- **What is required**
Omit the pictures and return every entry exactly as written.

(Stored data)
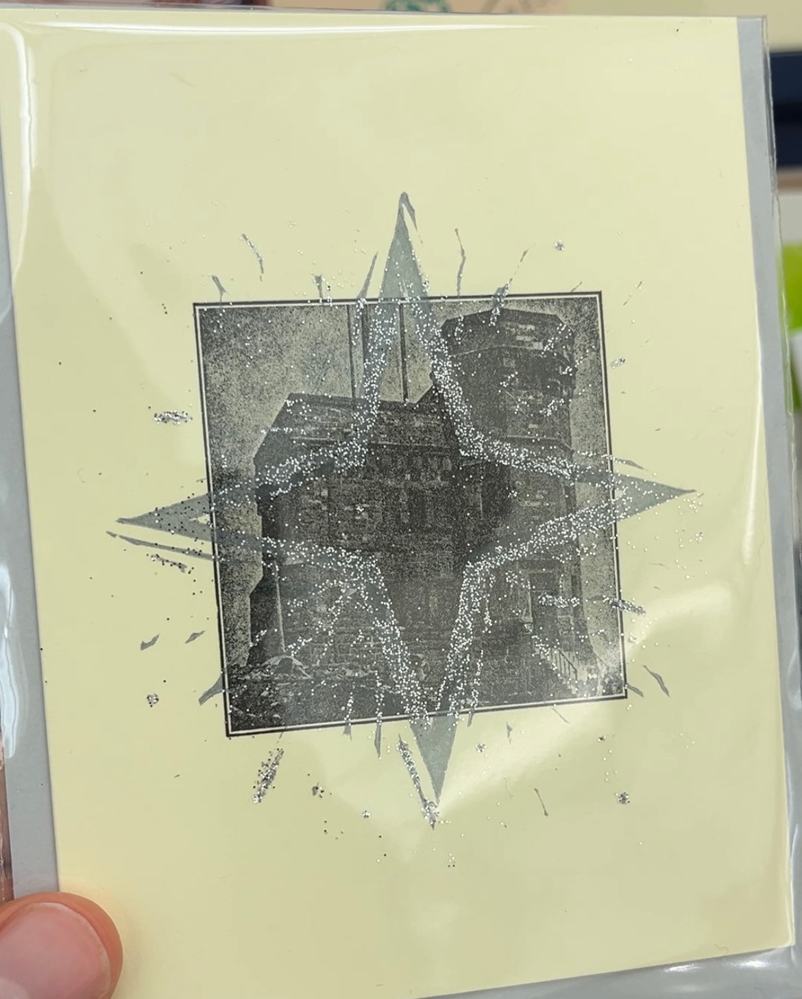 Every card is an original print printed using lino cut and metal type. Where you see lutiple colours, the card has been run through the printing press multiples times, or hand-tinted. The inside is blank.
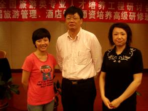 (潘燕、曾聪与教育部高职高专旅游管理类专业教育指导委员会主任郑向敏合影)
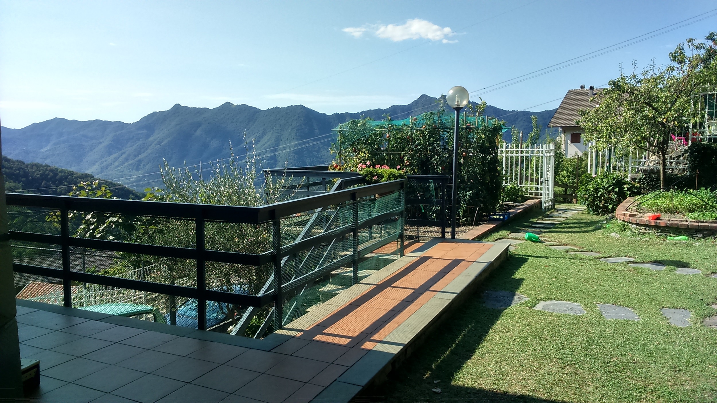 elegante ordinatissimo villino semindipendente con giardino attrezzato terrazze panoramiche splendido terreno ad orto e frutteto, agevole doppio accesso carrabile, garage e grande spazio a parcheggio.
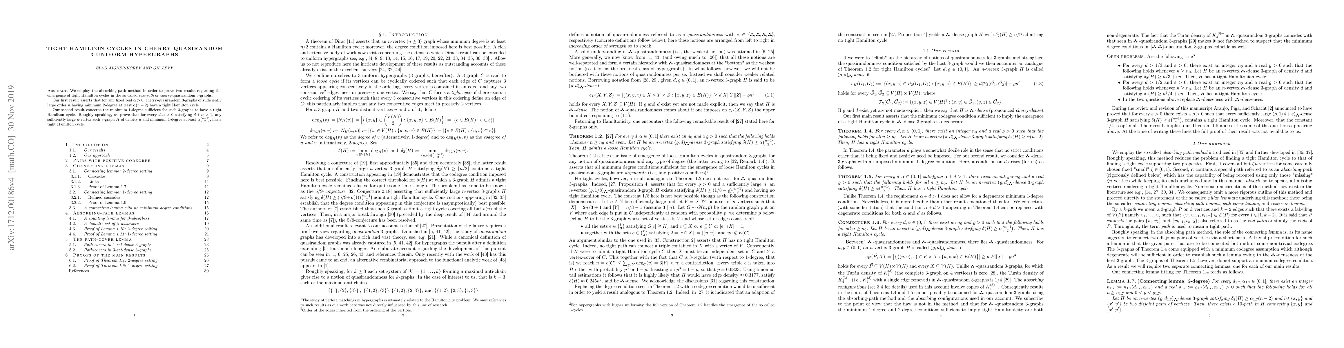 This paper uses the absorbing-path method to demonstrate the existence of tight Hamilton cycles in cherry-quasirandom 3-uniform hypergraphs. It proves that such hypergraphs with a minimum 2-degree of at least α(n-2) contain a tight Hamilton cycle, and also establishes a minimum 1-degree condition for the same result under certain density constraints.
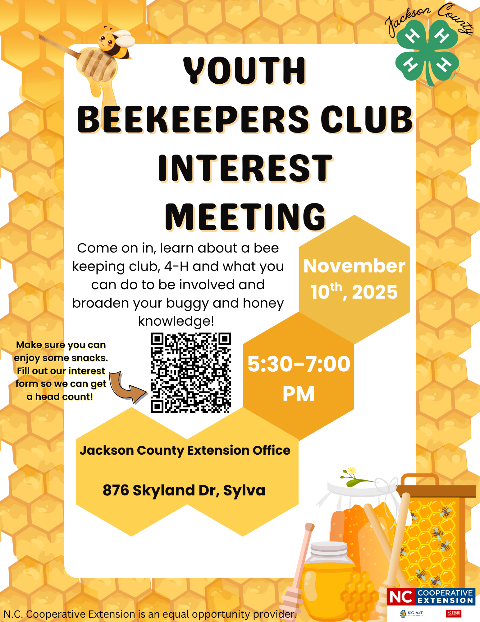 Come to the Beekeeper Club interest night on November 10th, 2025 from 5:30-7:00 at the Jackson County Cooperative Extension Office (876 Skyland Dr, Sylva).
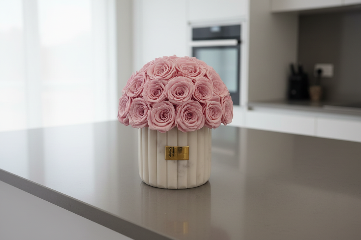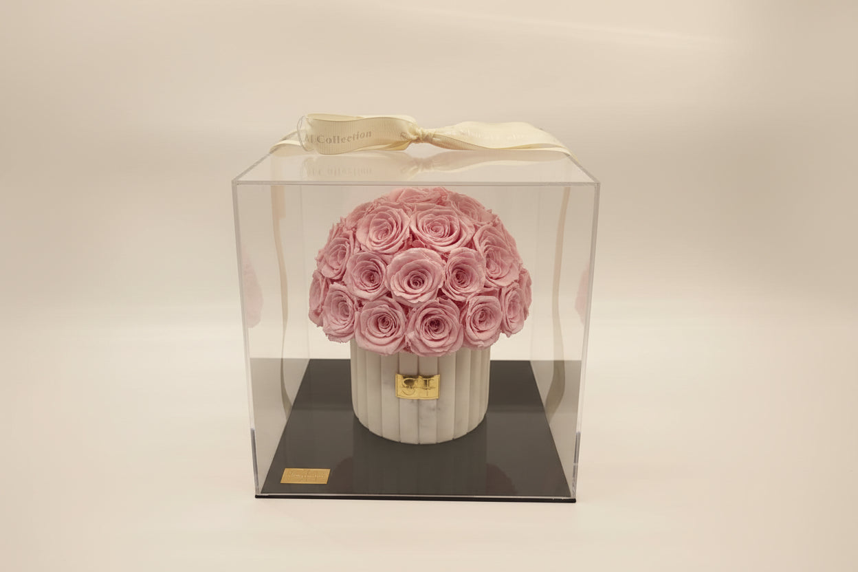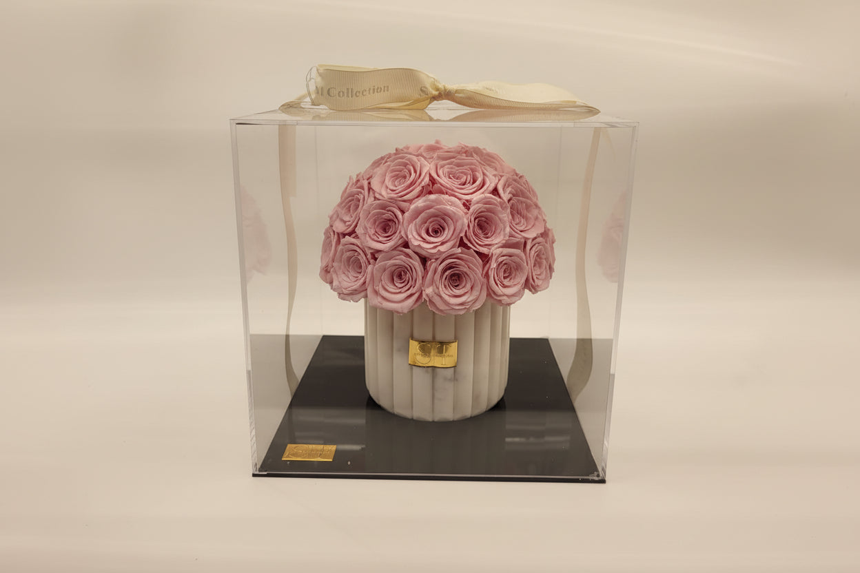 Elevate your décor with this exquisite preserved rose arrangement, featuring delicate candy pink blooms encased in a protective glass dome. Nestled in a sophisticated white fluted ceramic pot, this timeless piece combines botanical elegance with refined craftsmanship. Preserved roses maintain their natural beauty indefinitely without requiring water or maintenance, making them an ideal choice for those seeking lasting floral sophistication. Perfect as a statement centerpiece or thoughtful gift, this arrangement brings enduring charm to any interior space while celebrating the artistry of preserved floristry.
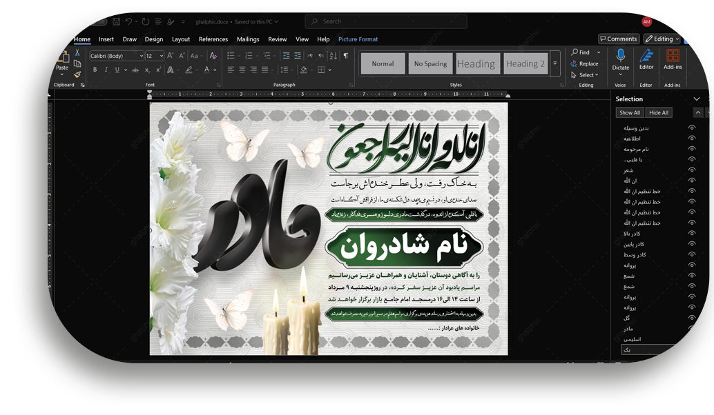 ما برای راحتی و دسترسی بیشتر شما، اعلامیههای ترحیم را به صورت فایل آماده Microsoft Word (با پسوند .docx) طراحی و ارائه میدهیم. هدف ما این است که هر شخصی، بدون نیاز به نرمافزار تخصصی و تنها با استفاده از Microsoft Word بتواند متن و مشخصات مراسم را به سرعت ویرایش و آمادهی چاپ کند.
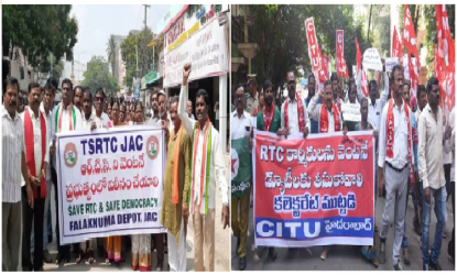 ఆర్టీసీ సమ్మె మొదలైనప్పుడు ఆర్టీసీని ప్రభుత్వంలో విలీనం చేయాలనే డిమాండ్ వ్రాసున్న బ్యానర్లు, ప్లకార్డులు పట్టుకొని ఆర్టీసీ కార్మికులు రోడ్లపై ఆందోళన కార్యక్రమాలు నిర్వహించేవారు. సమ్మె విరమించినప్పటికీ ప్రభుత్వం ఆర్టీసీ కార్మికులను విధులలోకి తీసుకోవడానికి నిరాకరిస్తుండటంతో ఇప్పుడు ‘ఆర్టీసీ కార్మికులను వెంటనే విధులలోకి తీసుకోవాలి,’ అని వ్రాసున్న బ్యానర్లు, ప్లకార్డులతో ఆందోళన కార్యక్రమాలలో పాల్గొంటున్నారు. చేతిలో డబ్బు లేకపోయినా ఆర్టీసీ కార్మికులు 52 రోజులపాటు ఏకధాటిగా సమ్మె చేశారు. కానీ ఇక ఎంతమాత్రం సమ్మెను కొనసాగించే పరిస్థితిలో లేరు. తమ పరిస్థితులను దృష్టిలో ఉంచుకొని తమను తక్షణం విధులలోకి తీసుకోవాలని ఆర్టీసీ కార్మికులు కన్నీళ్ళతో డిపో మేనేజర్లను వేడుకొంటున్నారు. కానీ ప్రభుత్వం అనుమతి లేకుండా చేర్చుకోలేమని చెపుతున్నారు. చాలా చోట్ల ఆర్టీసీ కార్మికులు డిపోల సమీపానికి చేరనీయకుండా పోలీసులు అడ్డుకొని పోలీస్స్టేషన్లకు తరలిస్తున్నారు. ఖమ్మంలో ముందస్తు జాగ్రత్త చర్యగా పోలీసులు ఆర్టీసీ కార్మికుల ఇళ్ళలో ప్రవేశించి అదుపులో తీసుకొని పోలీస్స్టేషన్లకు తరలించారు. ఇంట్లో వంట చేసుకొంటున్న తనను ఎందుకు అరెస్ట్ చేస్తున్నారని మహిళా కండక్టర్ ప్రశ్నకు పోలీసులు సమాధానం చెప్పలేదు. ఇంట్లోకి పోలీసులు జొరబడి తల్లిని పట్టుకుపోతుంటే ఆమె పిల్లలు భయంతో ఏడుస్తుంటే అది చూసి ఇరుగుపొరుగులు చలించిపోయారు.
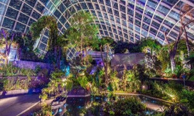 在滨海湾花园内体验下室内花园的乐趣。这座庞大植物园内的多样化气候环境可满足所有人的需求,从“花之穹顶”(Flower Dome)内的温和地中海气候到遍布蕨类植物的 “云之森林”(CloudForest)寒冷迷雾,差异化温度令人惊叹。

- **Task solution**
 Every card is an original print printed using lino cut and metal type. Where you see lutiple colours, the card has been run through the printing press multiples times, or hand-tinted. The inside is blank.
 (潘燕、曾聪与教育部高职高专旅游管理类专业教育指导委员会主任郑向敏合影)
 elegante ordinatissimo villino semindipendente con giardino attrezzato terrazze panoramiche splendido terreno ad orto e frutteto, agevole doppio accesso carrabile, garage e grande spazio a parcheggio.
 This paper uses the absorbing-path method to demonstrate the existence of tight Hamilton cycles in cherry-quasirandom 3-uniform hypergraphs. It proves that such hypergraphs with a minimum 2-degree of at least α(n-2) contain a tight Hamilton cycle, and also establishes a minimum 1-degree condition for the same result under certain density constraints.
 Come to the Beekeeper Club interest night on November 10th, 2025 from 5:30-7:00 at the Jackson County Cooperative Extension Office (876 Skyland Dr, Sylva).
 Elevate your décor with this exquisite preserved rose arrangement, featuring delicate candy pink blooms encased in a protective glass dome. Nestled in a sophisticated white fluted ceramic pot, this timeless piece combines botanical elegance with refined craftsmanship. Preserved roses maintain their natural beauty indefinitely without requiring water or maintenance, making them an ideal choice for those seeking lasting floral sophistication. Perfect as a statement centerpiece or thoughtful gift, this arrangement brings enduring charm to any interior space while celebrating the artistry of preserved floristry.
 ما برای راحتی و دسترسی بیشتر شما، اعلامیههای ترحیم را به صورت فایل آماده Microsoft Word (با پسوند .docx) طراحی و ارائه میدهیم. هدف ما این است که هر شخصی، بدون نیاز به نرمافزار تخصصی و تنها با استفاده از Microsoft Word بتواند متن و مشخصات مراسم را به سرعت ویرایش و آمادهی چاپ کند.
 ఆర్టీసీ సమ్మె మొదలైనప్పుడు ఆర్టీసీని ప్రభుత్వంలో విలీనం చేయాలనే డిమాండ్ వ్రాసున్న బ్యానర్లు, ప్లకార్డులు పట్టుకొని ఆర్టీసీ కార్మికులు రోడ్లపై ఆందోళన కార్యక్రమాలు నిర్వహించేవారు. సమ్మె విరమించినప్పటికీ ప్రభుత్వం ఆర్టీసీ కార్మికులను విధులలోకి తీసుకోవడానికి నిరాకరిస్తుండటంతో ఇప్పుడు ‘ఆర్టీసీ కార్మికులను వెంటనే విధులలోకి తీసుకోవాలి,’ అని వ్రాసున్న బ్యానర్లు, ప్లకార్డులతో ఆందోళన కార్యక్రమాలలో పాల్గొంటున్నారు. చేతిలో డబ్బు లేకపోయినా ఆర్టీసీ కార్మికులు 52 రోజులపాటు ఏకధాటిగా సమ్మె చేశారు. కానీ ఇక ఎంతమాత్రం సమ్మెను కొనసాగించే పరిస్థితిలో లేరు. తమ పరిస్థితులను దృష్టిలో ఉంచుకొని తమను తక్షణం విధులలోకి తీసుకోవాలని ఆర్టీసీ కార్మికులు కన్నీళ్ళతో డిపో మేనేజర్లను వేడుకొంటున్నారు. కానీ ప్రభుత్వం అనుమతి లేకుండా చేర్చుకోలేమని చెపుతున్నారు. చాలా చోట్ల ఆర్టీసీ కార్మికులు డిపోల సమీపానికి చేరనీయకుండా పోలీసులు అడ్డుకొని పోలీస్స్టేషన్లకు తరలిస్తున్నారు. ఖమ్మంలో ముందస్తు జాగ్రత్త చర్యగా పోలీసులు ఆర్టీసీ కార్మికుల ఇళ్ళలో ప్రవేశించి అదుపులో తీసుకొని పోలీస్స్టేషన్లకు తరలించారు. ఇంట్లో వంట చేసుకొంటున్న తనను ఎందుకు అరెస్ట్ చేస్తున్నారని మహిళా కండక్టర్ ప్రశ్నకు పోలీసులు సమాధానం చెప్పలేదు. ఇంట్లోకి పోలీసులు జొరబడి తల్లిని పట్టుకుపోతుంటే ఆమె పిల్లలు భయంతో ఏడుస్తుంటే అది చూసి ఇరుగుపొరుగులు చలించిపోయారు.
 在滨海湾花园内体验下室内花园的乐趣。这座庞大植物园内的多样化气候环境可满足所有人的需求,从“花之穹顶”(Flower Dome)内的温和地中海气候到遍布蕨类植物的 “云之森林”(CloudForest)寒冷迷雾,差异化温度令人惊叹。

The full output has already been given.